=== ASSIGNED TASK ===
Nothing but an exact repeat of the data, with pictures removed, belongs in the answer.

=== DATA BLOCK ===
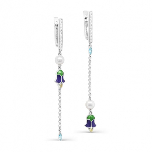 Серьги из серебра 925 пробы с жемчугом, фианитами и холодной эмалью от российского бренда Kabarovsky
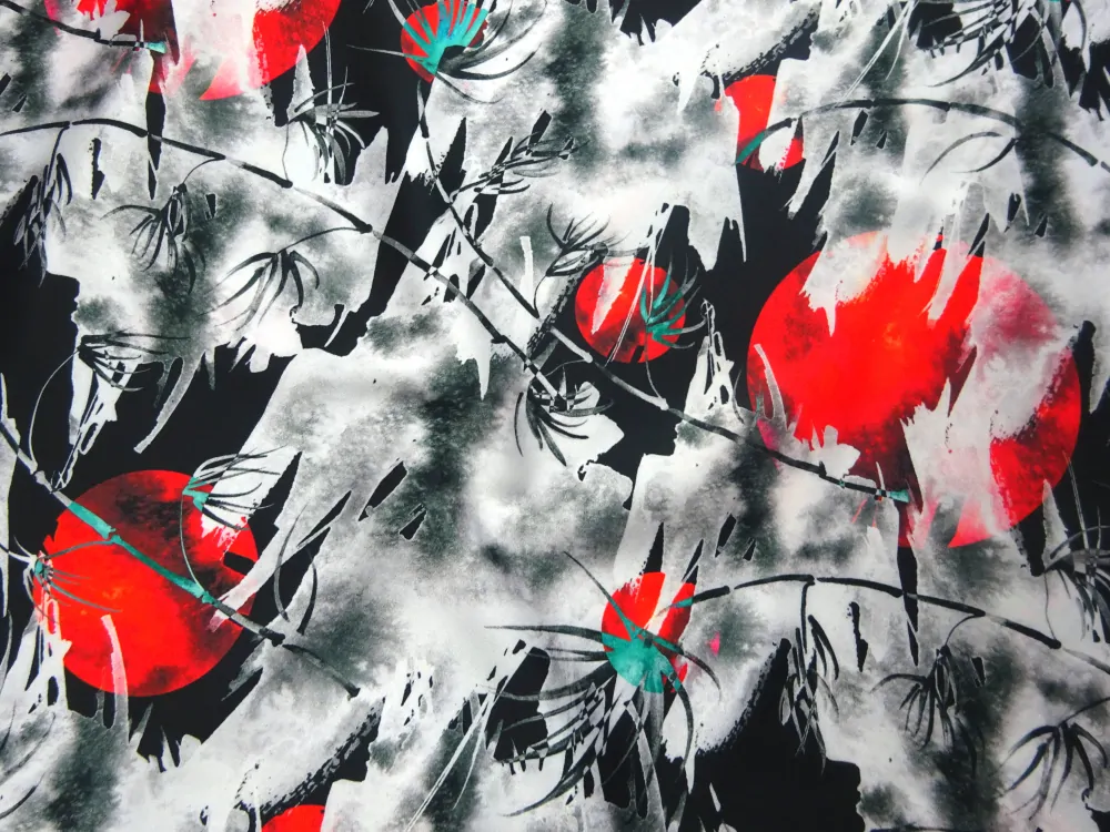 Satén Silky s hodvábom čierny "bielo-červený vzor"Skladom15,00 EUR/ m12,20 EUR bez DPH
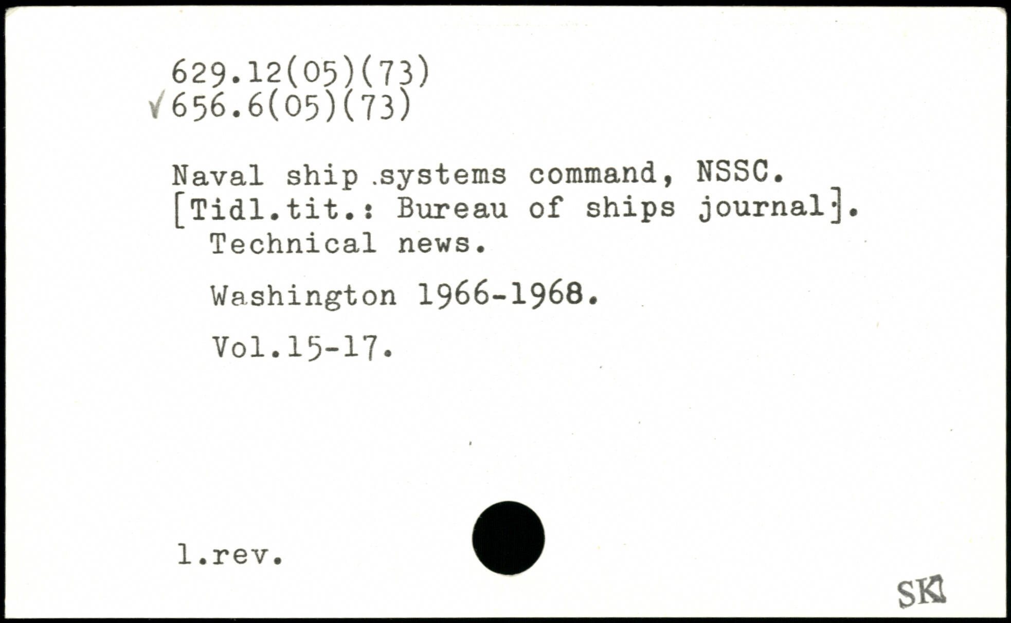Naval ship .systems command, NSSC. [Tidl.tit.: Bureau of ships journal]. Technical news.

=== RESULT FOR THIS EXERCISE ===
 Серьги из серебра 925 пробы с жемчугом, фианитами и холодной эмалью от российского бренда Kabarovsky
 Satén Silky s hodvábom čierny "bielo-červený vzor"Skladom15,00 EUR/ m12,20 EUR bez DPH
Naval ship .systems command, NSSC. [Tidl.tit.: Bureau of ships journal]. Technical news.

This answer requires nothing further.